Turning now to FIG. 5, further detail of an example endpoint 14 is shown. The endpoint 14 in this example is meant to represent a general computing device that is capable of running an application, typically a endpoint application. The endpoint 14 shown comprises a network component 70 for connecting to the application server 12 through the network 15, and may also have a browser 72 for running web-based applications. In general, the endpoint may utilize a display 50, various input devices 52 (e.g. touch-screen, trackball, pointing device, track wheel, stylus, keyboard, convenience keys, etc.), and have one or more of its own processors 86. The endpoint 14 also typically has its own memory or data storage 54, which can include any suitable memory type as is well known in the art. Other memory 75 such as flash memory, removable storage media, etc. can also be available or included in the endpoint 14 depending on the endpoint type 16. The endpoint 14 typically also has native UI 56 and custom UI 58 extending or “building” from the native UI 56 to utilize the features made available by the endpoint 14 when applicable.
In order to implement a endpoint application managed by the application server 12, the endpoint 14 comprises a runtime module 18 for each mobile application. The runtime module 18, as will be discussed below, comprises kernel logic 98 and application logic 100 for the corresponding mobile application. This can be done to ensure that each application on the endpoint 14 has its own kernel meaning that each kernel+application is protected in its own application space and is isolated from errors and crashes that may happen in other applications.

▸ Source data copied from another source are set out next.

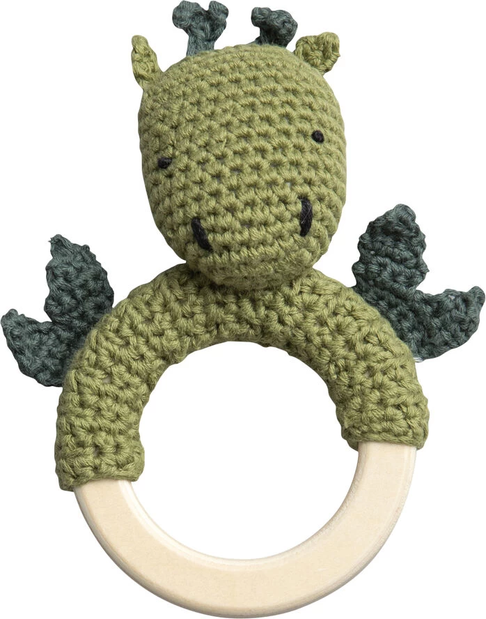 Håndhæklet dragerangle på træring, udført i økologisk bomuld og med genanvendt polyesterfyld. Dragen hører til Sebras tema, Dragon Tales – en fortælling om drager og riddere. Denne rangle, formet som drage, er håndhæklet af økologisk bomuld. Inden i sig har den en lille klokke, som giver lyd når ranglen rystes. Ranglen er derudover fyldt med blødt, genanvendte polyester, som er sikret i en lille stofpose, der forhindrer fyldet i at finde vej ud gennem garnet. Dragen er fastgjort på en træring, som halvt er dækket af det hæklede materiale, så det ligner dens overkrop, hvorpå dragevinger også er fastgjort. Træringen gør det let for barnet at holde ranglen i hånden. Dragen har en mørkegrøn farve med mørkeblå og sorte detaljer. Ranglen er designet i Danmark, håndlavet og derfor er hver rangle unik og har hver sin charme. En perfekt gaveide til det første barselsbesøg. Anbefalet alder 0+. Mærkning: CE, UKCA Vaskeanvisning: Overfladevask – håndvask. Advarsel. Må ikke anvendes i nærheden af åben ild. Om temaet Dragon Tales Med små fortællinger inviteres barnet ind i et rigtigt drageunivers. Her møder barnet skovdrager, slotsdrager, flyvende drager, sultne drager og ildspyende drager. Sammen med hver deres loyale ridder udforsker dragerne de snedækkede bjergtoppe, langsomt rindende åer, dybe blå skovsøer og vulkaner i udbrud. De begiver sig ud på eventyr, og besøger landsbyer og slotte. Dragon Tales er små fortællinger om venskaber, om at kunne leve sammen trods store forskelligheder, og om lysten til at opleve og udforske nye områder. Om økologisk bomuld Garnet i dette produkt er lavet af økologisk bomuld – et valg som er truffet for at reducere produktets miljøaftryk. Mange af de miljømæssige konsekvenser, der kan være forbundet med produktion af bomuld, kan reduceres eller elimineres ved dyrkning af økologisk bomuld. Om genanvendt polyesterfyld Fyldet er lavet af 100 % genanvendt polyester fra plastikflasker, som er blevet indsamlet og rengjorte, hvorefter de strimles, omsmeltes og laves til nye genanvendte fibre. Plastikflaskerne får derved et nyt liv i stedet for bare at ende som affald.
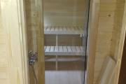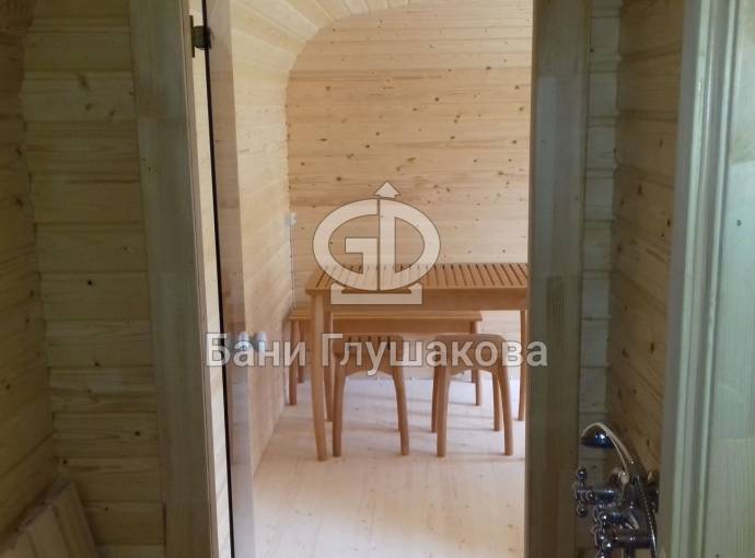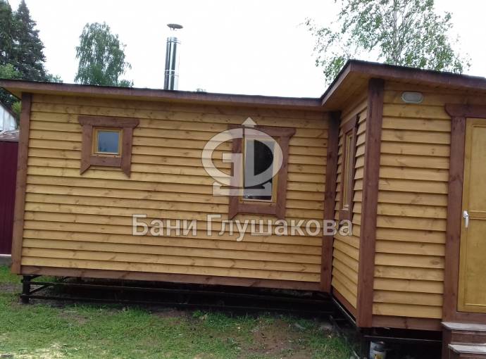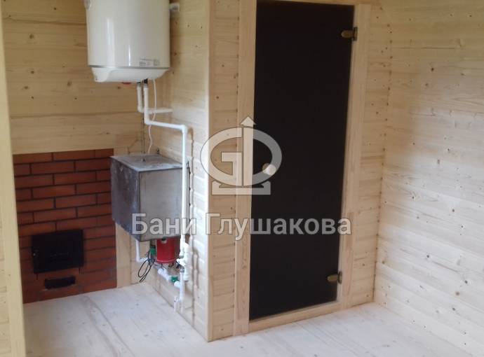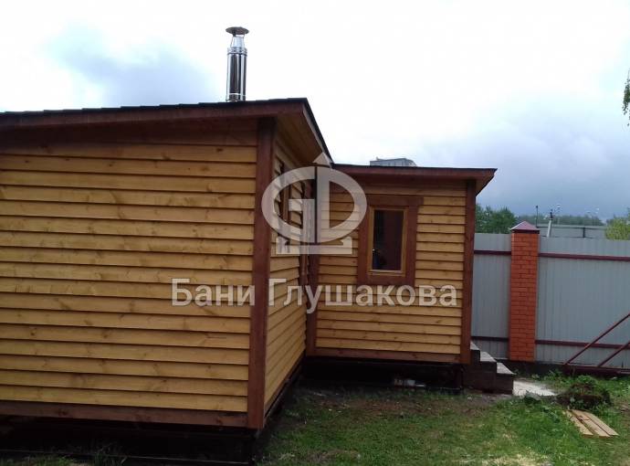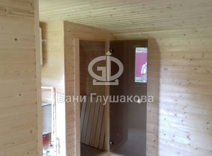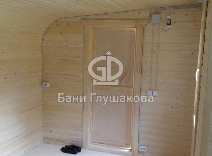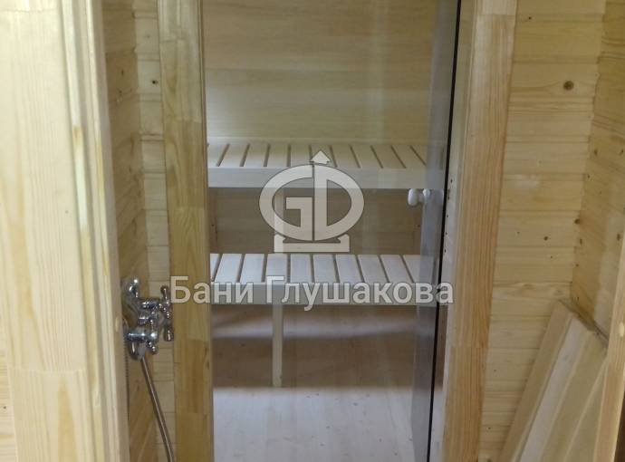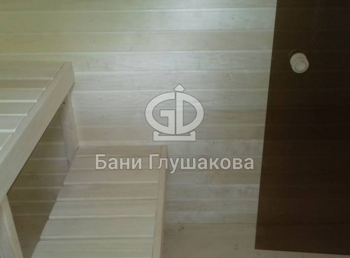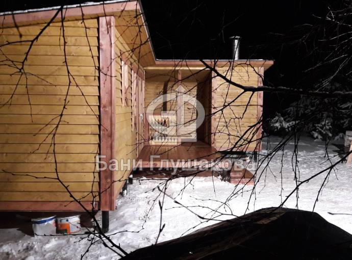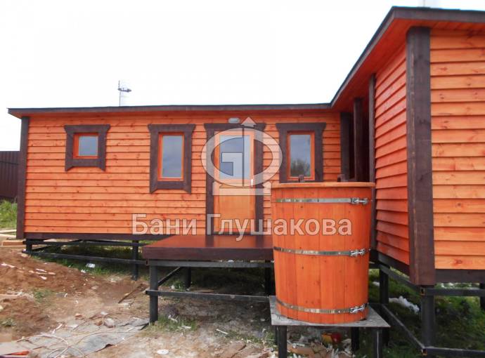 Баня, представленная на фотографиях, установлена на свайно-винтовой фундамент (наша работа!). Выполнена полностью под ключ: внешняя покраска, обшивка вагонкой изнутри, установка окон и дверей (снаружи поставлена очень хорошая деревянная дверь нашего производства, внутри - стеклянная), электропроводка с освещением, пологи, печное и душевое оборудование, трапики, комплект фабричной мебели. В общем, все в лучших традициях Дмитрия Глушакова.
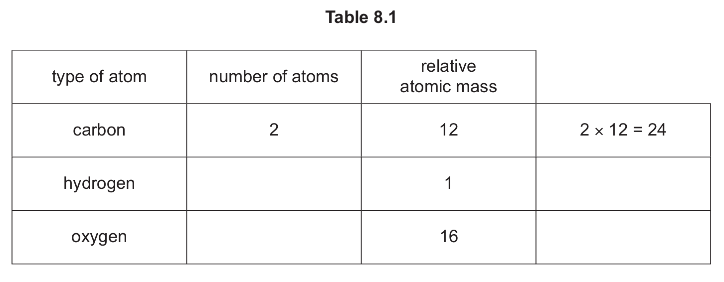 Complete Table 8.1 to calculate the relative molecular mass of \( CH_3COOH \).

The runtime module 18 comprises a network layer 73 to interface with the network component 70 in the endpoint 14, and a parser 74 in communication with the network layer 73, which is invoked upon receiving a response 35 from the application server 12 to begin processing the incoming data. The network layer 73 handles responses 37, reads data, and sends the data to the parser layer 74. The parser layer 74 parses the incoming data and converts the data into in-memory objects (data structures), which can then be grouped into collections and managed by the storage layer 78 and other internal subsystems. The parser layer 74 uses a model layer 76 to create models. Models are the logical definitions of the data structures, which define classes that the runtime module 18 uses to internally represent views, content, and data. The grouping into collections can be handled by collection classes (not shown) and there is typically a specific collection class for each model type. For example, a theme model can be grouped into a ThemeCollection class, which in turn is stored on the endpoint 14 via the ThemeStore class. The model layer 76 uses a storage layer 78 to persist the model. The storage layer 78 works with the model layer 76, inherits collections, and acts as a broker between the model layer 76 and the endpoint storage 54. The storage layer 78 is responsible for encoding and decoding the models into a format that is appropriate for the hardware storage that is present on the endpoint 14. As can be seen in FIG. 5, there is a data persistence pathway 79 between the storage layer 78 and the endpoint storage 54, which transports the raw models in a format (e.g. persistent or binary) for storage in the endpoint 14. The runtime module 18 also comprises a controller 80 for generating requests 37 according to user inputs and the overall operation of the corresponding endpoint application. The controller 80 uses a manager 82 for providing screen layout functionality to the controller 80, and a UI field 84 which represents classes the controller 80 uses to place items within the manager 82 to create a “screen”.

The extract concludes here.